*About this exercise*
Nothing but the lines from the first line of the records below to the line holding "课程结束之后,志愿者们走进乡" belongs in the answer, copied exactly and without pictures.

╭─ Data for processing

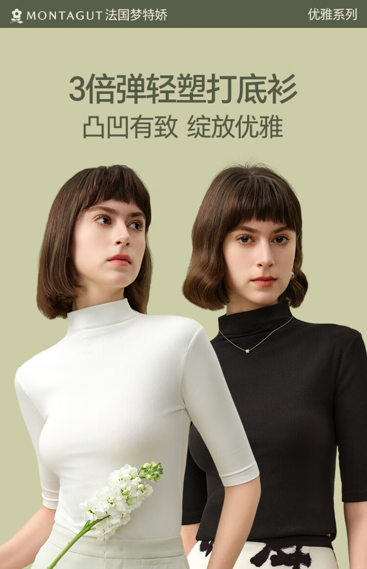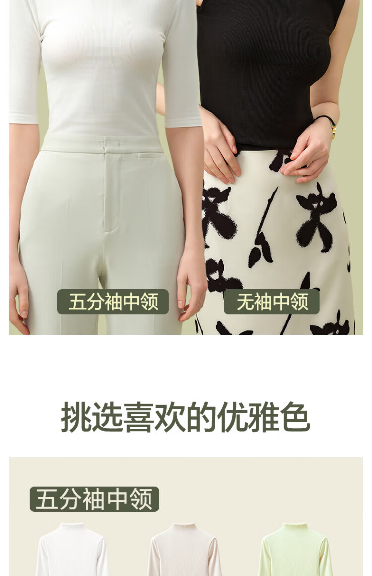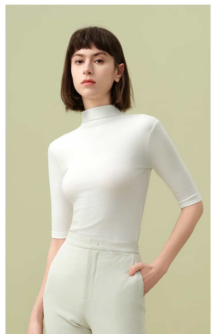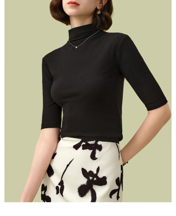 Montagut modal cotton half turtleneck bottoming shirt for women, slim and fashionable quarter-sleeved thin short-sleeved half-sleeved bottoming shirt
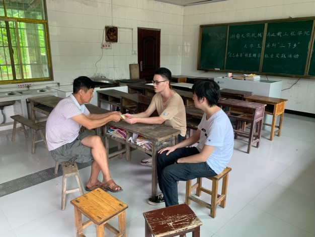 课程结束之后,志愿者们走进乡村,开展调研。他们聆听了当地党支部书记对学校的近况的介绍,也为村党支部赠送了3D打印的党徽模型。在与支部书记的沟通中,成员们了解到村子近年来基础设施虽然得到改善,村子的生活条件逐渐有了保障,但是教育问题依然严重,生源流失、教育资源匮乏仍然是困扰着黄金洞村教育发展的症结。结束访谈后,成员们走进困难学生的家庭中。与孩子家长的谈话中,队员们认识到,双青完小学生的父母大多在外打工,收入微薄且不稳定,对子女和老人缺少照顾。有的家中的唯一劳动力在打工中发生意外,且因为缺乏法律意识未签订有效的劳动合同而难以获得经济赔偿,使家庭生活陷入了困顿。成员们无不为他们的遭遇感到同情和扼腕,决定以更积极热情的态度投入到后续的志愿活动中,希望在返校后号召更多的社会力量参与到乡村扶助的公益事业中去。
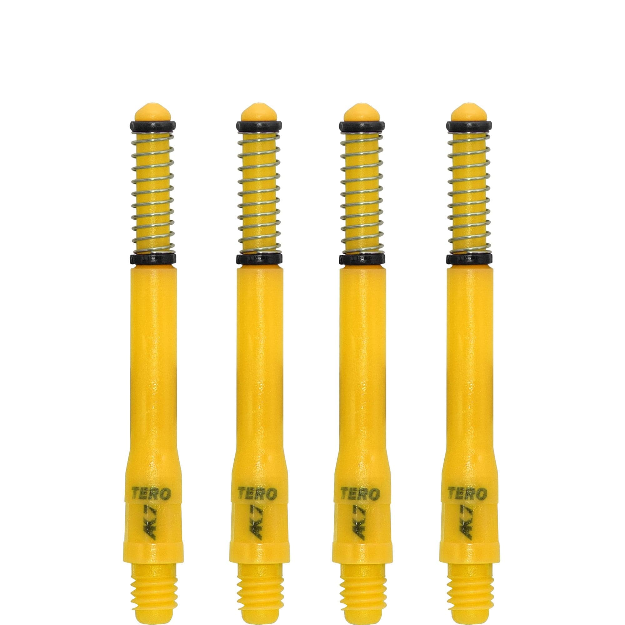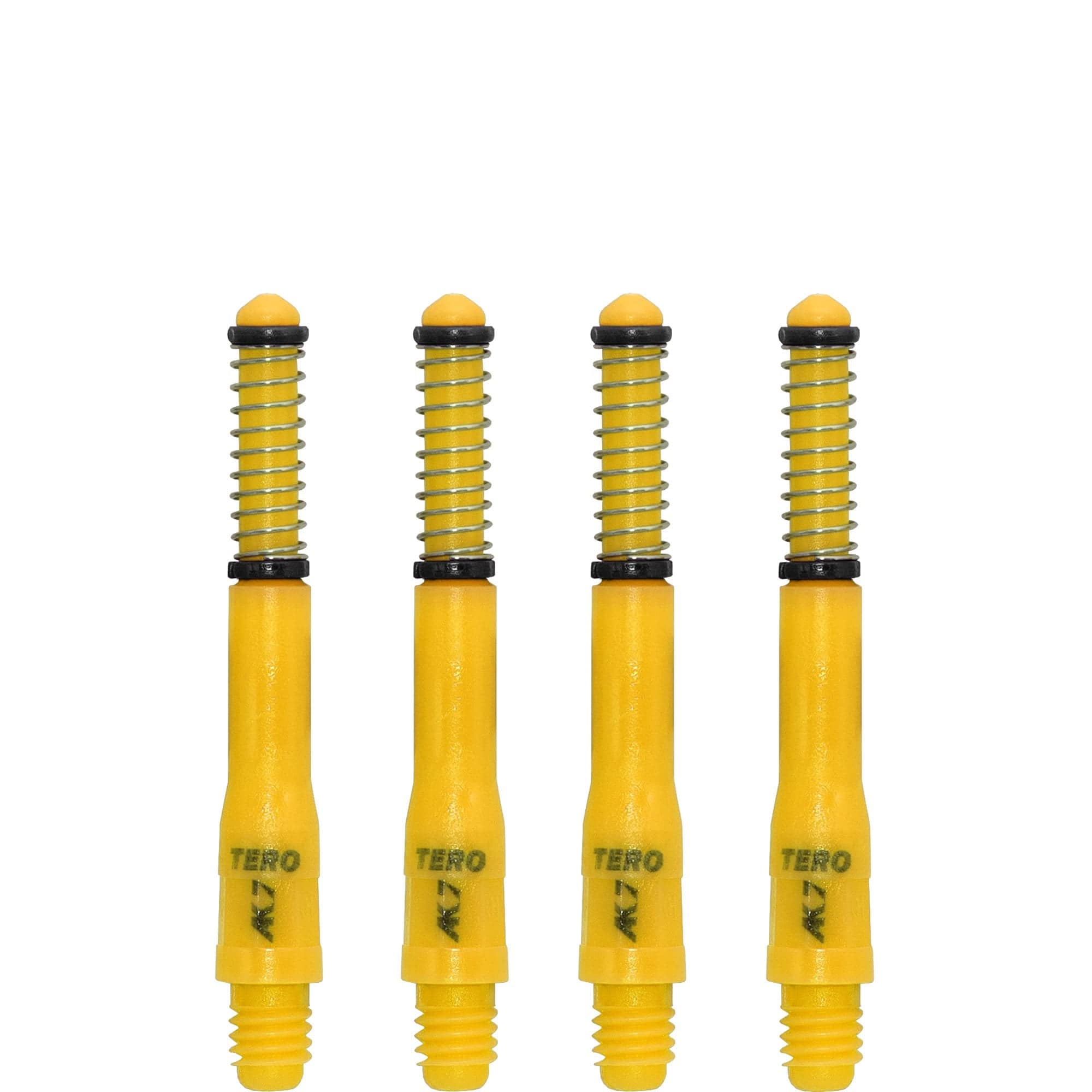 Cuesoul - Tero Dart Shafts - Standard - Solid - Yellow - 34mm. Features octagon shape at the base of the stem to make tightening the stem easier. The stem measurement provided is the full length of the stem, 34mm, with the visible part being approx 10mm shorter. To be used with the Tero AK4 flights, these look great with the yellow flights.
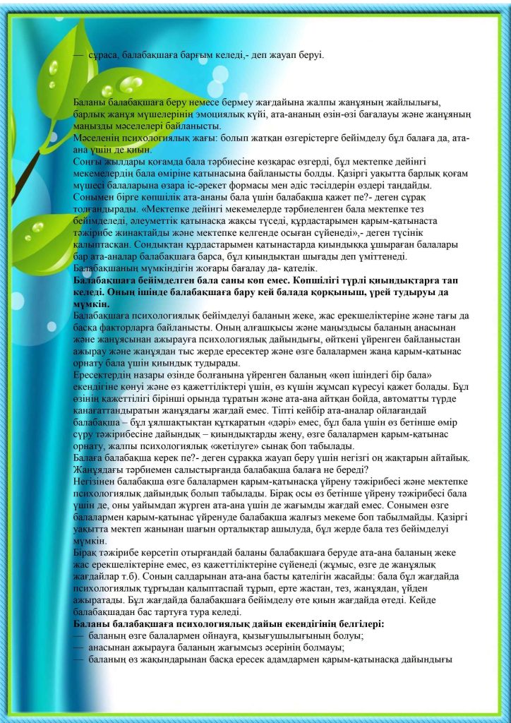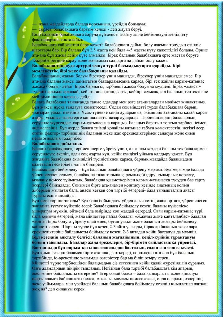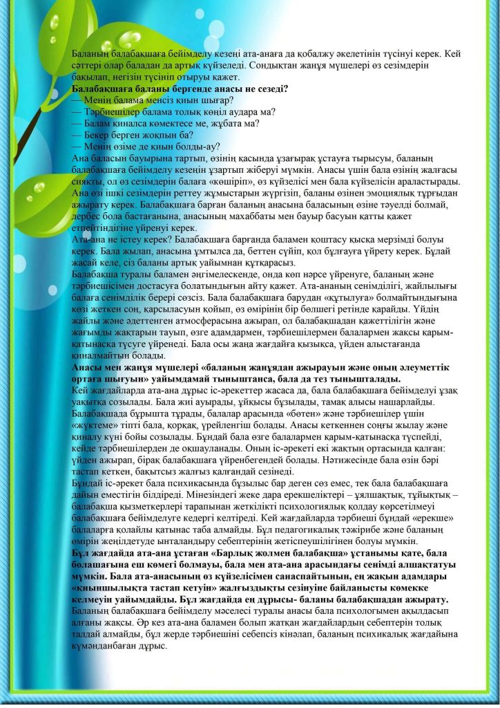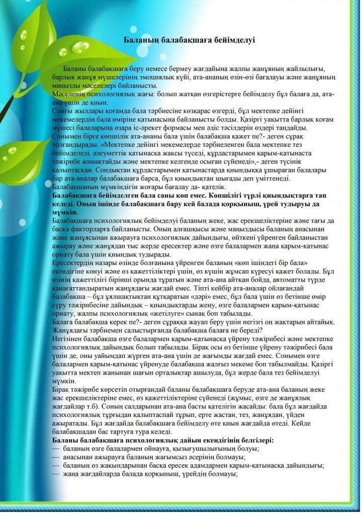 БАЛАНЫҢ БАЛАБАҚШАҒА БЕЙІМДЕЛУІ
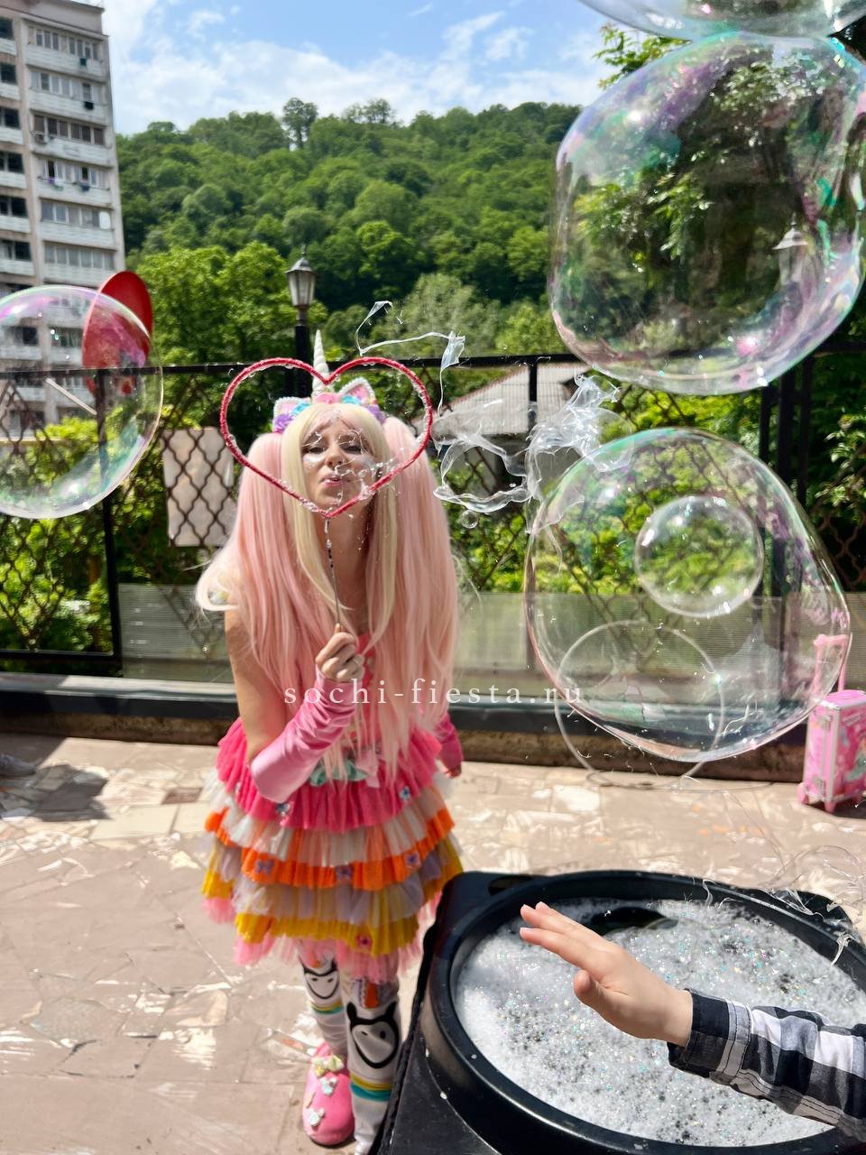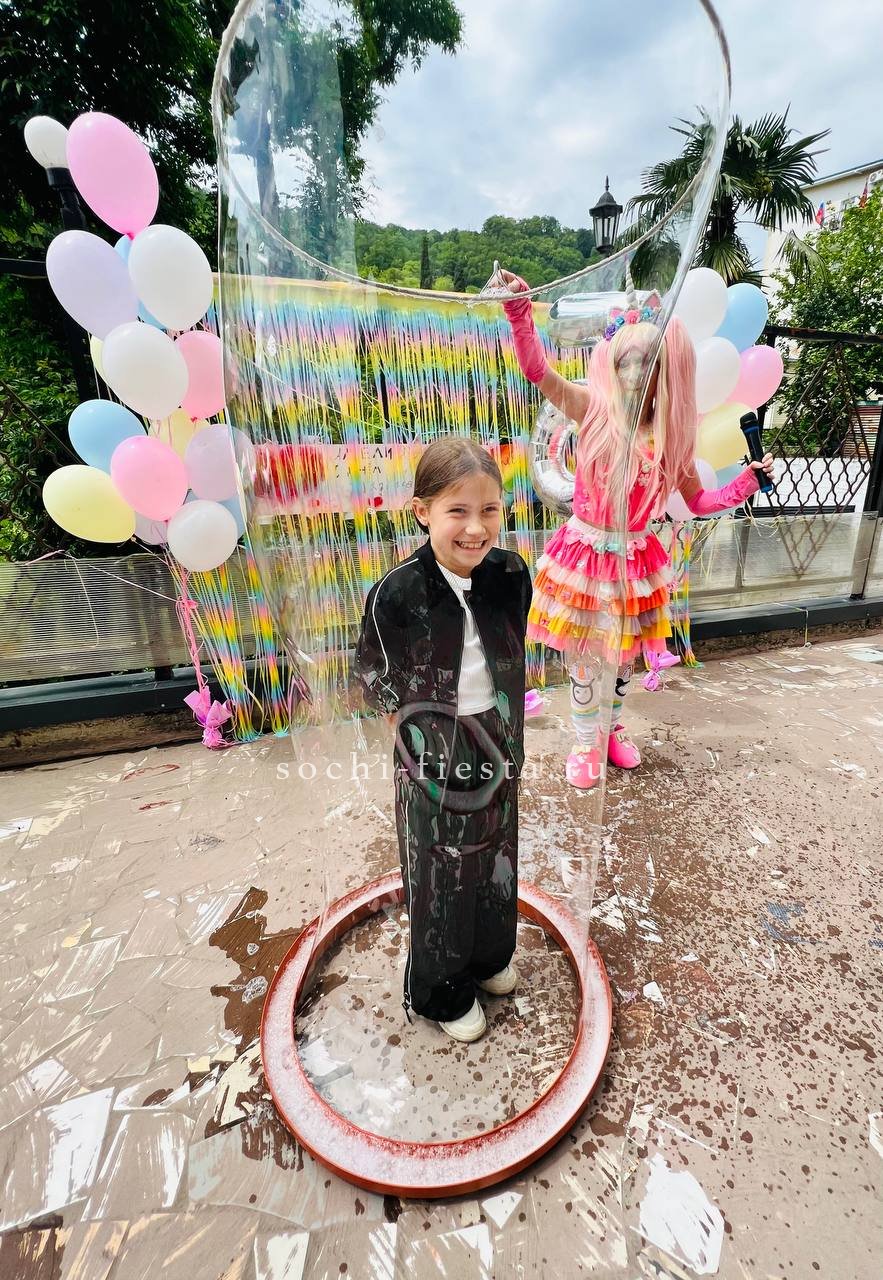 Шоу мыльных пузырей — яркое и захватывающее представление, в котором мастер создает огромные, разноцветные и необычные мыльные пузыри разного размера. В программе используются специальные техники и инструменты для формирования фантастических фигур, пузырей-гигантов и эффектных трюков. Это зрелищное шоу радует зрителей своей красотой, магией и атмосферой веселья, особенно популярное среди детей и семей.

╰─

*Result of the exercise*
 Montagut modal cotton half turtleneck bottoming shirt for women, slim and fashionable quarter-sleeved thin short-sleeved half-sleeved bottoming shirt
 课程结束之后,志愿者们走进乡村,开展调研。他们聆听了当地党支部书记对学校的近况的介绍,也为村党支部赠送了3D打印的党徽模型。在与支部书记的沟通中,成员们了解到村子近年来基础设施虽然得到改善,村子的生活条件逐渐有了保障,但是教育问题依然严重,生源流失、教育资源匮乏仍然是困扰着黄金洞村教育发展的症结。结束访谈后,成员们走进困难学生的家庭中。与孩子家长的谈话中,队员们认识到,双青完小学生的父母大多在外打工,收入微薄且不稳定,对子女和老人缺少照顾。有的家中的唯一劳动力在打工中发生意外,且因为缺乏法律意识未签订有效的劳动合同而难以获得经济赔偿,使家庭生活陷入了困顿。成员们无不为他们的遭遇感到同情和扼腕,决定以更积极热情的态度投入到后续的志愿活动中,希望在返校后号召更多的社会力量参与到乡村扶助的公益事业中去。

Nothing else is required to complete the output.